§ **COLLECTED DATA**:
.....
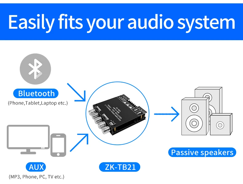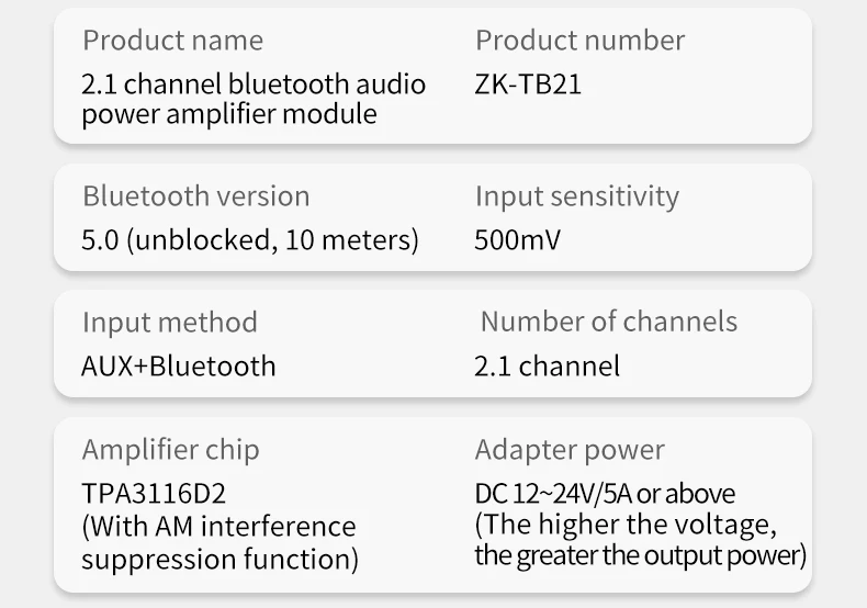 Nombre del producto: Módulo amplificador de audio compatible con Bluetooth de 2,1 canales
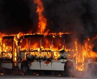 В Париже группа молодых людей вынудила остановиться автобус, перегородив перед ним дорогу мусорными баками. После того, как транспорт остановился, в него полетели камни и бутылки с зажигательной смесью.
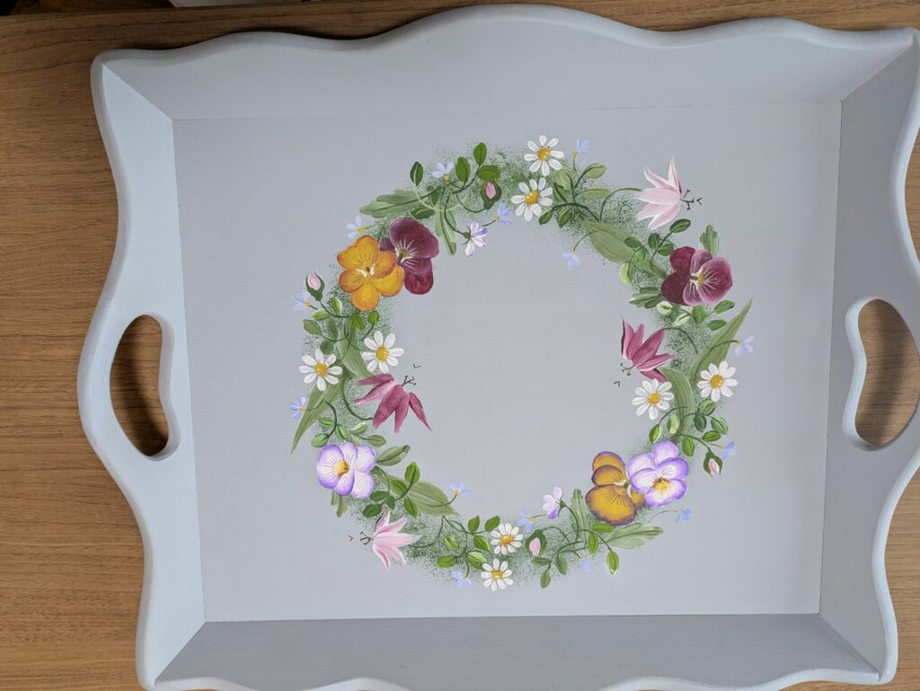 ワインテーブル用の図案を大きなトレイに描いています。
.....
§ **TASK TO COMPLETE**:
Please copy the data shown above word for word, omitting the pictures.

§ **EXERCISE RESULT**:
 Nombre del producto: Módulo amplificador de audio compatible con Bluetooth de 2,1 canales
 В Париже группа молодых людей вынудила остановиться автобус, перегородив перед ним дорогу мусорными баками. После того, как транспорт остановился, в него полетели камни и бутылки с зажигательной смесью.
 ワインテーブル用の図案を大きなトレイに描いています。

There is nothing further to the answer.